By Alison Griswold
June 13 (Reuters) - Investors in funds based in the United States pulled a net $3.28 billion from corporate high-yield bond funds in the week ended June 12 as concerns lingered that the Federal Reserve would taper its stimulus program, data from Thomson Reuters Lipper service showed on Thursday.
The latest week’s large junk bond outflows followed a record $4.63 billion in outflows from high-yield bonds in the preceding week. All taxable bond funds, meanwhile, had net outflows of $5.51 billion in the latest week, after seeing their largest outflows since October 2008 in the previous week.
Emerging markets equity funds were also big underperformer in the latest week. They had outflows of $2.13 billion, the largest since February 2011. Emerging market debts funds had redemptions of $622 million, their third consecutive week of outflows.

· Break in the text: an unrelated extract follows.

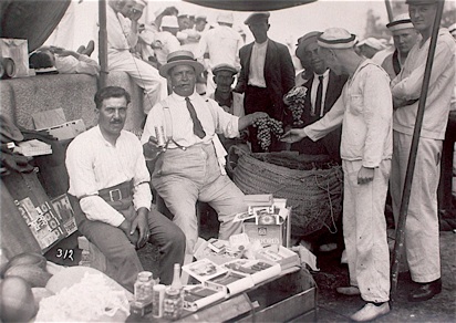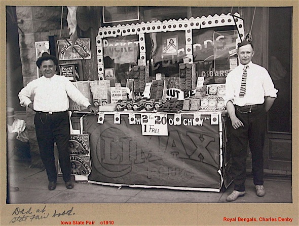 Selling at state and county fairs has been around since before the Roman empire. The here-today-gone-tomorrow nature of fairs made them a great place for a pretty girl or a slick talking salesman to get rid of merchandise of all types, materials, qualities, ages and condition. Fair-circuit seller would often buy remainders, overstocks, and seconds from jobbers and factories, then regale passers-by with a fast talking patois: “Try one, sir. They’re just as good as Cuban, but one-third the price. As good as what you get in those fancy New York tobacconists, but you save by cutting out the middleman. We don’t have the overhead. Direct from factory to you. We buy in bulk and pass those savings on to you. Trade laws prohibit me from revealing the name of the famous maker. Buy five and get one free. Buy a box and save even more.”

All equity funds had net outflows of $608 million. Domestic equities had inflows of $1.28 billion, while non-domestic equities had outflows of $1.89 billion.
Investors continued to pull cash from bond funds as worry remained that the Fed would begin to reduce its quantitative easing in the coming months. The Fed is purchasing $85 billion in Treasuries and agency mortgage securities per month in an effort to boost hiring and lower long-term borrowing costs.